Добавить в цитаты Настройки чтения

Страница 80 из 120

Дурень объявился в селе осенью, испятнавшей леса желтыми, красными и рыжими подпалинами. Приплыл по Вьюн-реке, цепляясь за рухнувшую в воду сосну, и, выбравшись на песчаную отмель, отправился прямиком к избе Кожемяки. Нашел его и, бессвязно что-то лопоча, сунул в руки исцарапанный кусок бересты.

Дурень не знал, что царапины эти называются рунами и означают, что нацарапавшая их Смеяна жива, здорова и находится в плену. А с ней еще много женщин из соседних сел. Если бы он мог мыслить и говорить как все, то рассказал бы Кожемяке и прочим насевшим на него с расспросами селянам много интересного. О том, что Огнедышащий Змий — всего лишь железный ящик, в который, как в лодку, забираются зеленокожие люди. Вот только ящик этот не плавает по воде, а летает. И сам он тоже на нем летал, правда, не внутри, а уцепившись за железяки, выступавшие из его днища. Что зеленокожие — сплошь мужчины и им нужны женщины, которые рожают зеленокожих детей и работают на полях, окружавших тамошнее селение, в центре которого лежит огромная железная тарелка. Он сказал бы им, что женщины, привезенные в селение зеленокожих в железном ящике, заколдованы: делают лишь то, что им велят, а в редкие мгновения просветления ненавидят и боятся своих хозяев. Что зеленокожих в селении всего три десятка, а женщин — больше трехсот, и они бы разорвали отвратных хозяев, обращавшихся с ними как со скотом, в клочья, кабы не волшебная железная тарелка. Это она испускает чары, которые лишают пленниц воли. Однако чары эти слабеют во время грозы, когда огневицы-молнии исчерчивают небо ослепительно-голубыми зигзагами. Во время одной из таких гроз и начертала Смеяна свое послание, заканчивающееся знаком молнии.
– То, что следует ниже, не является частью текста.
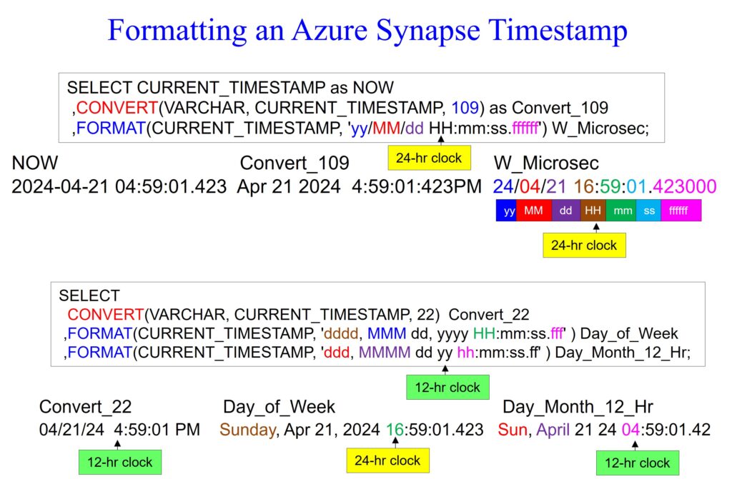 Below are some great examples for formatting an Azure Synapse timestamp to get you a great start to understanding how to use the CONVERT and FORMAT commands. Below is a breakdown of components of the FORMAT command.

Многого, впрочем, Дурень не смог бы рассказать и объяснить, даже если бы обрел способность думать и говорить, как его соплеменники. Например, то, что не был он сожжен установленным на флаере огнеметом и не подвергся воздействию психотропного оружия зеленокожих, поскольку настроено оно было на ментальное излучение нормального, а не деформированного человеческого мозга. Что зеленокожие — потомки атлантов, прилетевшие проведать метрополию, не были злодеями и поначалу пытались наладить мирный контакт с местным населением, но из-за своеобразной внешности не преуспели в этом.
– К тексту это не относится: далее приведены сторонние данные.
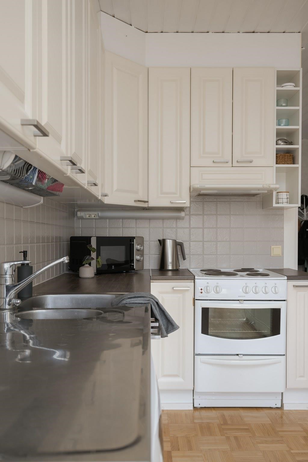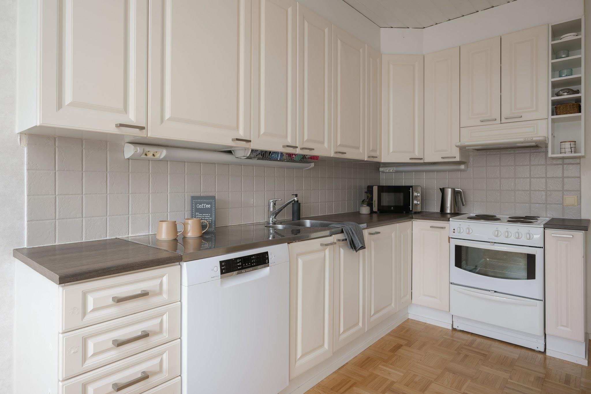 - Jääkaappi, jääkaappipakastin, sähköliesi, liesikupu, astianpesukone (2021), kaapistot, kiinteät valaisimet.

Все это, впрочем, не имело значения — письмена были нацарапаны на бересте, береста доставлена адресату, и дальше события развивались по предсказуемому сценарию.

Кожемяка, с отцами отданных Змию на съедение девиц, отправился по соседним селам, и вскоре узкие длинноносые, шитые из коры лодки двинулись вверх по Вьюн-реке. На первой сидел Дурень, ведущий себя тихо и смирно, пока не почуял близость селения зеленокожих. Заметив его волнение, лодки упрятали в камышах, вперед были высланы соглядатаи, а когда прозвучали первые раскаты грома и молнии избороздили небо, мужики ворвались в лагерь зеленокожих и взяли их в топоры. Покончив со взрослыми, принялись за зеленокожих детенышей. Их оказалась тьма-тьмущая, а тут еще добрая половина баб, то есть спасенных от зеленокожих дочерей, кинулась защищать выродков, в результате чего часть их спаслась и долго еще бродила по окрестным лесам. Одни называли их лешими, другие — кикиморами, болотниками и еще всяко-разно. Потом перемерли и они, и только память о них долго жила в лесном крае, передавалась в виде сказок и песен в другие земли, в обмен на столь же малоправдоподобные истории о джиннах, пери, василисках и троллях…

В ту ночь мне снились странные сны, которые впоследствии подтолкнули меня к созданию нескольких серий картин и офортов, не пользующихся, надобно признать, большим успехом у публики, которая хочет, «чтобы все было как на фотографии». Зачем ей иметь такие картины, если есть фотографии, мне непонятно, но это, как говорится, тема отдельного разговора, не имеющего к моему рассказу ни малейшего отношения.

Итак, сны мои были прерваны прикосновением руки, легшей на мой лоб. Рука была холодная, я почувствовал это даже сквозь бинты и, открыв глаза, почти не удивился, увидев склонившуюся надо мной фигуру лиловолицей женщины. В тусклом свете занимавшегося утра фиолетовые пятна на ее лице были отчетливо видны, и не стоило труда догадаться, что это соплеменница Щасвирнуса.

— Лежи тихо, — промыслила она, и мне стало удивительно хорошо и покойно.

Я смотрел в ее прозрачные, мерцающие глаза и дивился тому, что, несмотря на убийство неизвестными Щасвирнуса, совсем не скорблю о нем. Он сказал, что все будет хорошо, он еще вернется в этот мир, и я почему-то верил ему, хотя избытком доверчивости и оптимизма не отличался.

— Все будет хорошо. Теперь он действительно вернется, — промыслила женщина. — Ты оказался отличным хранителем. Спасибо тебе. И постарайся быть счастливым в этом далеко не лучшем из миров. Дальше будет интереснее, поверь мне. Если тебя не пустят на пуговицы. А это, как ты понимаешь, зависит только от тебя.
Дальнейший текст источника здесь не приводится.